____ DATASET CONTENT

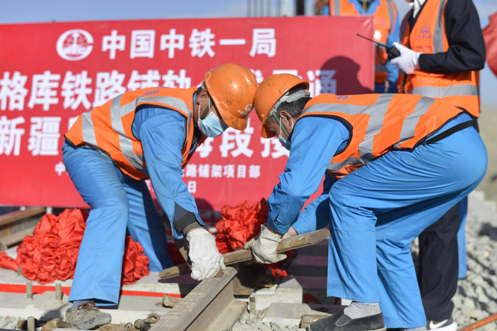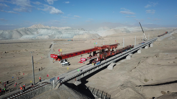 中国中铁承建的格库铁路(新疆段)铺轨贯通
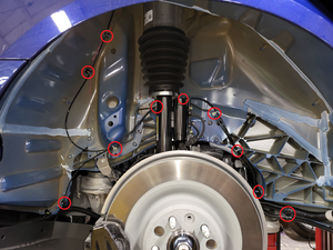 - 에어 서스펜션 후면 번들을 RH 후면 휠 하우스에 고정하는 클립(10개)을 풉니다.
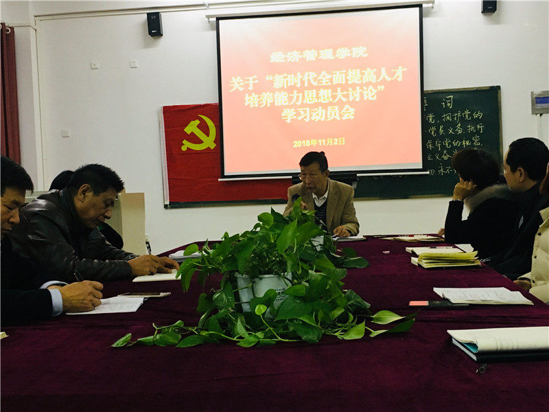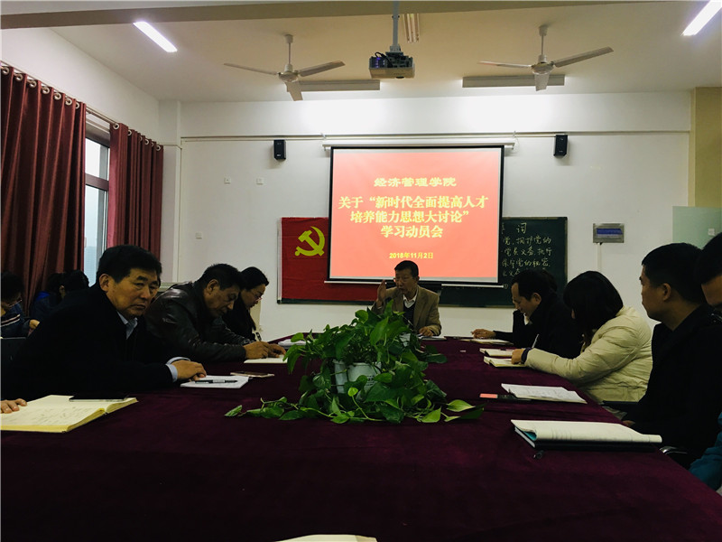启动仪式上,院长于维同宣读了《关于开展“新时代全面提高人才培养能力思想大讨论”的学习活动方案》,明确了学习讨论的目的和指导思想,本次活动共分为四个阶段,院长于维同对各阶段学习讨论内容和时间安排做出具体安排,要求各教研室、科室和中心要提高思想认识,精心组织,合理安排;个人自学要有笔记,集体学习讨论要有记录,并做好相关材料整理、留存工作。最后,院长于维同要求全体教师做到以下几点:第一要坚持正确的办学方向;第二要强化每一位教师的立德树人意识;第三要为本科生参与科研创造条件;第四要坚持把师德师风作为教师素质评价的第一标准,切实加强永利集团建设;第五要推动课堂教学革命;第六要及时调整专业人才培养方案,科学构建课程体系,努力培养高质量的本科专业经管人才。第七,落实学校2017-2018学年教学工作会议精神,以评促建、以评促改、评建结合、重在建设,实现本科教学水平评估达标。

________

TASK TO CARRY OUT:
Print the whole listing exactly, please, and keep any images out of it.

ANSWER FOR THIS EXERCISE:
 中国中铁承建的格库铁路(新疆段)铺轨贯通
 - 에어 서스펜션 후면 번들을 RH 후면 휠 하우스에 고정하는 클립(10개)을 풉니다.
启动仪式上,院长于维同宣读了《关于开展“新时代全面提高人才培养能力思想大讨论”的学习活动方案》,明确了学习讨论的目的和指导思想,本次活动共分为四个阶段,院长于维同对各阶段学习讨论内容和时间安排做出具体安排,要求各教研室、科室和中心要提高思想认识,精心组织,合理安排;个人自学要有笔记,集体学习讨论要有记录,并做好相关材料整理、留存工作。最后,院长于维同要求全体教师做到以下几点:第一要坚持正确的办学方向;第二要强化每一位教师的立德树人意识;第三要为本科生参与科研创造条件;第四要坚持把师德师风作为教师素质评价的第一标准,切实加强永利集团建设;第五要推动课堂教学革命;第六要及时调整专业人才培养方案,科学构建课程体系,努力培养高质量的本科专业经管人才。第七,落实学校2017-2018学年教学工作会议精神,以评促建、以评促改、评建结合、重在建设,实现本科教学水平评估达标。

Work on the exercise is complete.